“You see, Aunt, I don’t really care what church I go to; I’m only a Catholic for social convenience.”
“That’s too bad, isn’t it?” She was putting on her bonnet.
“I don’t know, I don’t seem to have any feeling about it one way or another. I never could seem to learn much about God, Aunt, don’t you remember?”
“But don’t you believe in Him, Jane?”
“Honestly, Aunt, I don’t know. Sometimes I wish I could, but that’s when I’m in trouble and only because I want some one to help me out. That’s not believing, is it? It’s just cowardice.”
My aunt grunted. “Religion mostly is, but there’s something else, like what your grandmother had.”
“Yes, I know.”
She said no more, and I was grateful to her for taking it like that. We were companions in spite of everything.

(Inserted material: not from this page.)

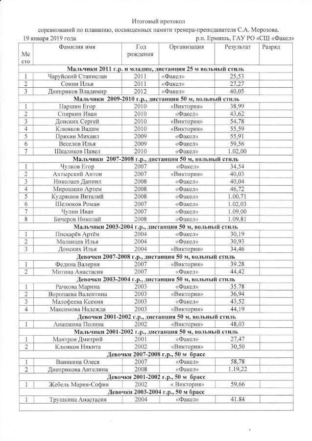 19 января 2019 года в ГАУ РО «СШ «Факел» прошли соревнования по плаванию, посвященные памяти тренера-преподавателя С.А. Морозова. На церемонии открытия соревнований, все собравшиеся почтили минутой молчания память тренера-преподавателя С.А. Морозова. Со словами сожаления о безвременной утрате и воспоминаниями о жизни и вкладе в развитие плавания в нашем районе выступил друг детства Бобров А.И..
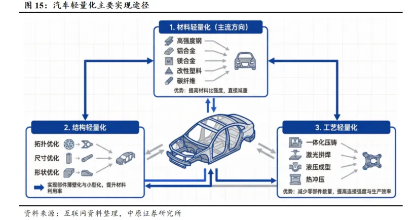 从目前国际通行的研究方向来看,结构轻量化、工艺轻量化、材料轻量化是汽车轻量化的三个主要技术方向,其中材料轻量化是核心。结构轻量化是指采用模块化集成零件,减少零件数量,通过结构拓扑优化,合理设计车身闭环传力结构等。工艺轻量化是指运用先进的制造工艺技术,如激光拼焊、辊压成形、高强度钢热成形、内高压成形等,如结构件一体压铸技术。材料轻量化是指用高强度和轻质材料替代传统的低碳钢,从源头进行减重,比如应用铝合金材料,如前碰撞横梁、发动机舱盖、轮鼓包、钢铝混合车身等,可以减重30%以上。

But when my Aunt Beth came with her husband to visit us things became more difficult. She had taken my turning Roman Catholic as a dreadful personal problem of her own, and felt, dear little soul, that she must try to bring me back to the fold. The result was painful. She came armed with tracts and pamphlets, a whole bag full of appalling literature. I was greatly astonished, for I remembered her as a very gentle little creature. With age she had grown militant in the cause of evangelical truth. She took me to camp meetings and prayer meetings. She would come into my room at night in her pink flannel dressing gown, her little middle-aged face aglow with ecstatic resolve, and would press into my hand just one more message, a dreadful booklet, “The Murder of God’s Word,” or something of that kind. I was at last driven to appeal to my Aunt Patience for protection. She took up the cudgels for me.
“I guess Jane’s all right, Beth, I wouldn’t worry. God’s the same, whatever your Church.”